[Given entries Boundary: Start]

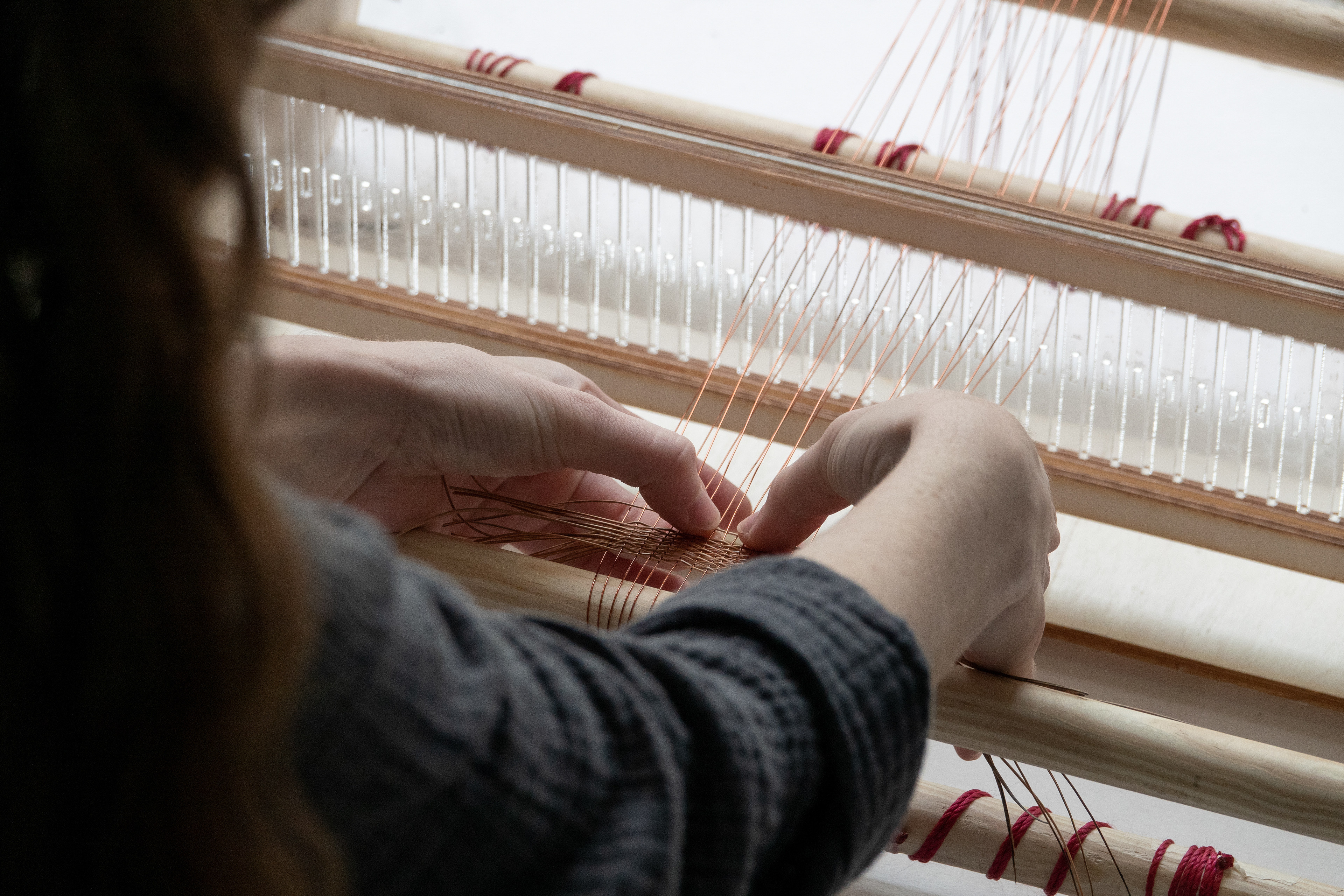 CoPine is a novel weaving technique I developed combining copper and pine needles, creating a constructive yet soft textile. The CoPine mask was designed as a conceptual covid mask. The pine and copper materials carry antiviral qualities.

[Given entries Boundary: End]
[Given entries Boundary: Start]

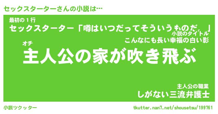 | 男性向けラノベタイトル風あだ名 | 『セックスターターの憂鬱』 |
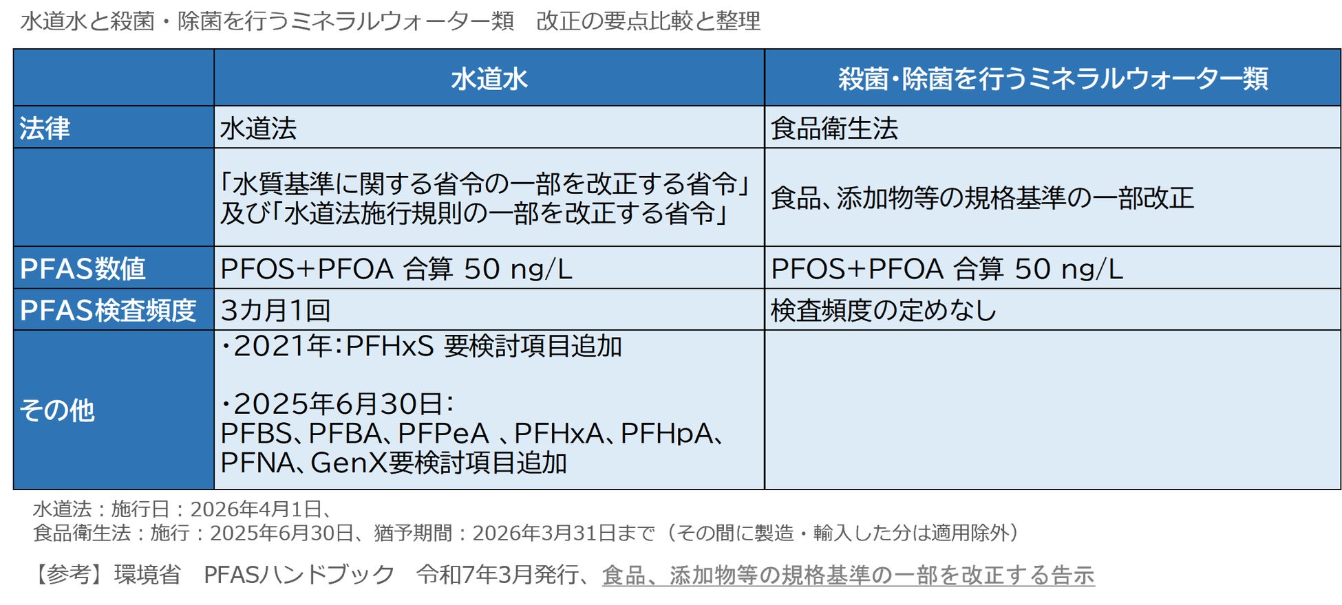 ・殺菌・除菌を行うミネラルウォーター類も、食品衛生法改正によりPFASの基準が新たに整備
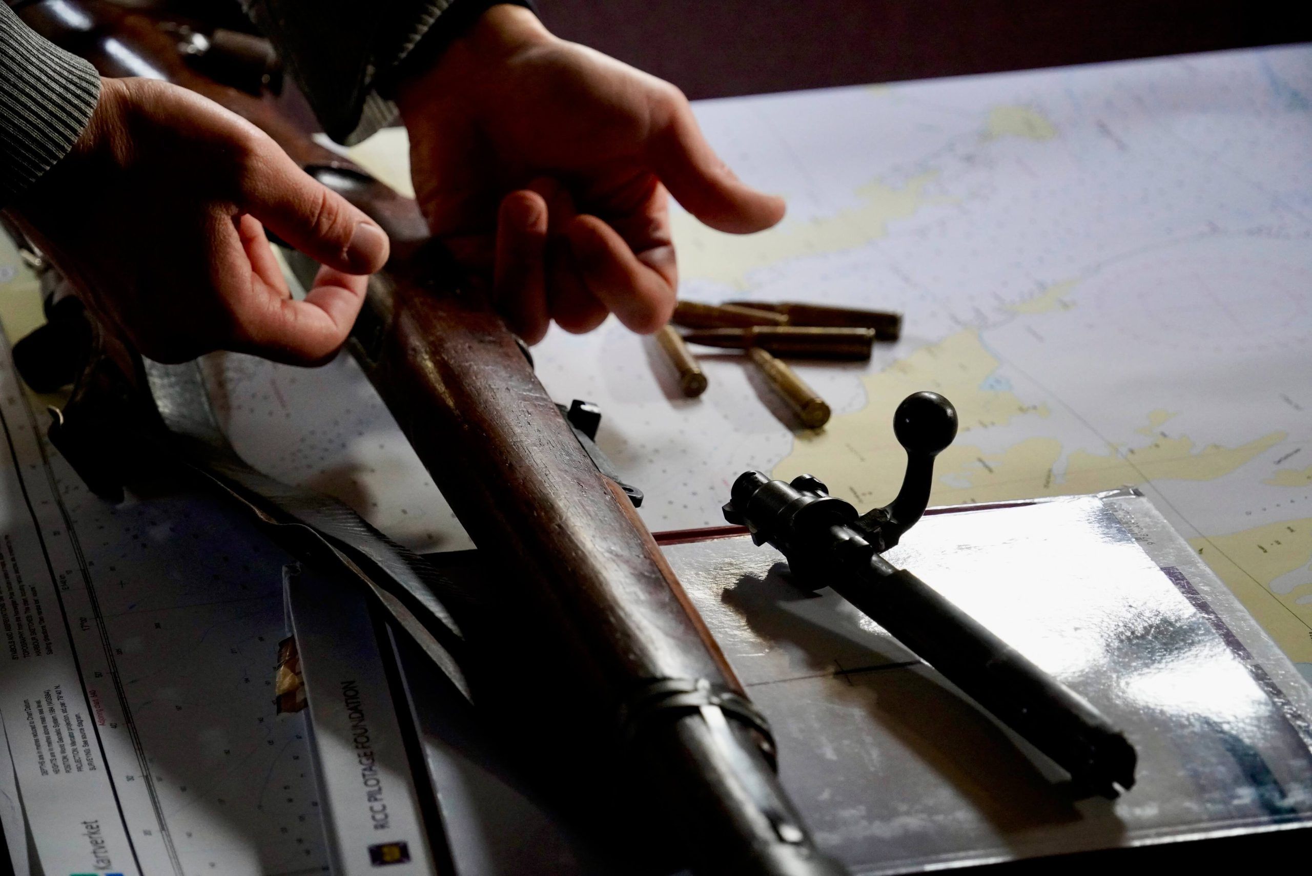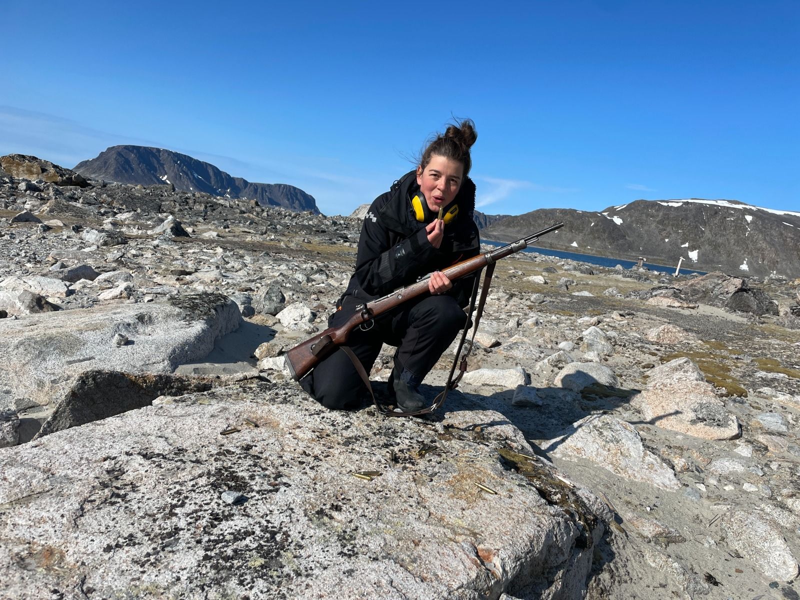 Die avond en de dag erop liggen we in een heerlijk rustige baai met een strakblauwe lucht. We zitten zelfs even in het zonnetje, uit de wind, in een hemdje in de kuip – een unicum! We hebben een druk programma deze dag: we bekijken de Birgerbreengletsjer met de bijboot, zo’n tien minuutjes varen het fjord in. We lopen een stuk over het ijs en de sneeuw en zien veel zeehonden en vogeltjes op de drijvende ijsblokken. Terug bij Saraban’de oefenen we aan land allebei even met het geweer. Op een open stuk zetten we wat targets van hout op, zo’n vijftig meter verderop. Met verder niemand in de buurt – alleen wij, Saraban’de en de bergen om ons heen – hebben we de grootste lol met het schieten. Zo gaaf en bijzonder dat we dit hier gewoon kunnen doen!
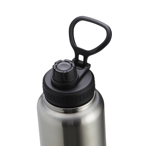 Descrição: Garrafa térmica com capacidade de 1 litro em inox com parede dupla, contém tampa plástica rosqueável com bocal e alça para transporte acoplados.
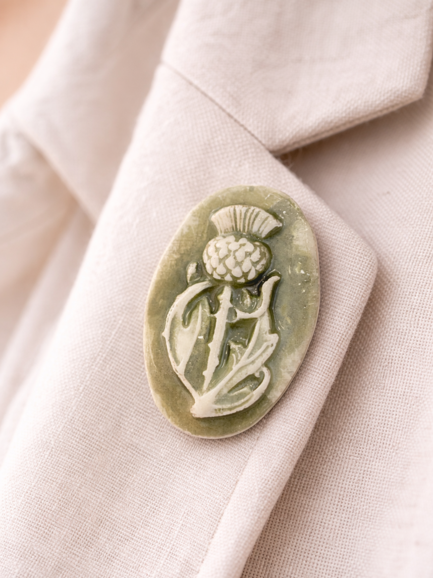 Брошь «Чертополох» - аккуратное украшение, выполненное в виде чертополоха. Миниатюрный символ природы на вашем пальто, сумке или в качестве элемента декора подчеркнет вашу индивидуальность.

[Given entries Boundary: End]
[Given entries Boundary: Start]

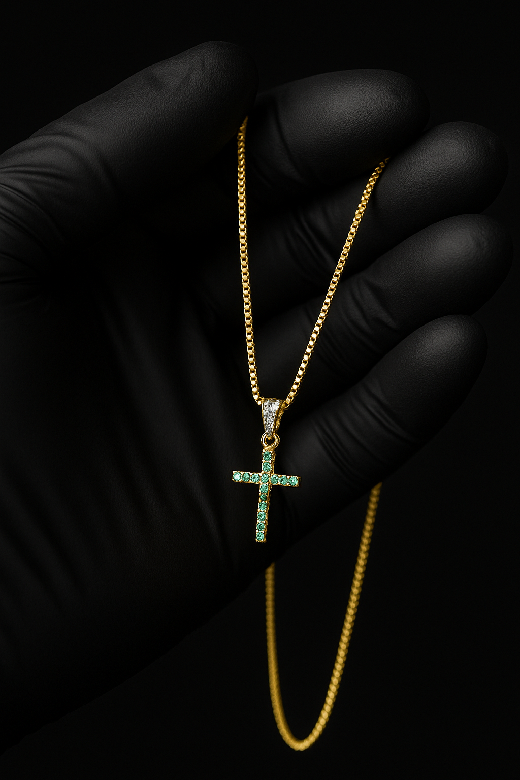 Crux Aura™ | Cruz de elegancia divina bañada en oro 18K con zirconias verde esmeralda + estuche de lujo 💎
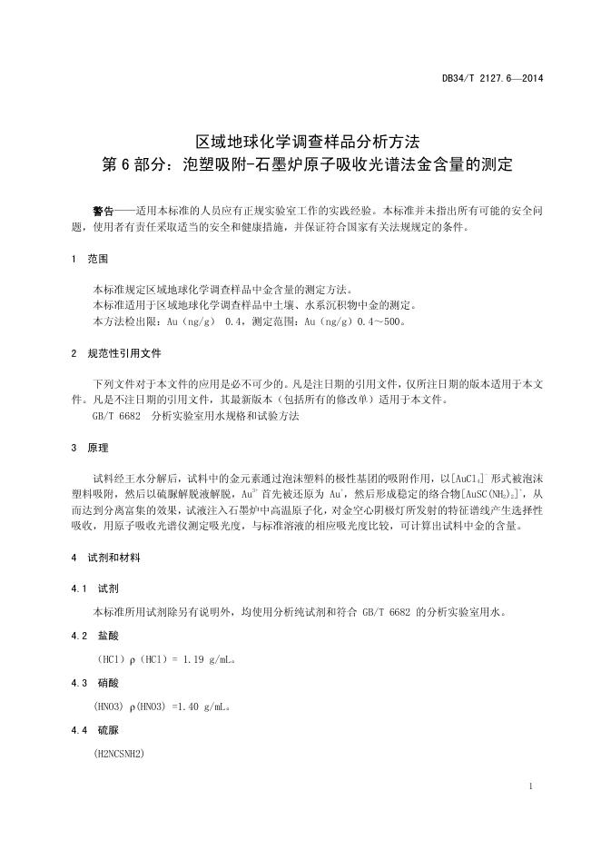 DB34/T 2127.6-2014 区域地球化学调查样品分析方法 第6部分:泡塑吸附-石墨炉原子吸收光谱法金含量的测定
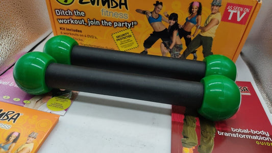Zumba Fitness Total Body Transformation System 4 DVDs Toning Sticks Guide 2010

[Given entries Boundary: End]

--- Prompt ---
Of the records above, print only the lines from the one containing "DB34/T 2127.6-2014 区域地球化学调查样品分析方法" through the one containing "Zumba Fitness Total", inclusive and unaltered, leaving out pictures.

--- Response area ---
 DB34/T 2127.6-2014 区域地球化学调查样品分析方法 第6部分:泡塑吸附-石墨炉原子吸收光谱法金含量的测定
Zumba Fitness Total Body Transformation System 4 DVDs Toning Sticks Guide 2010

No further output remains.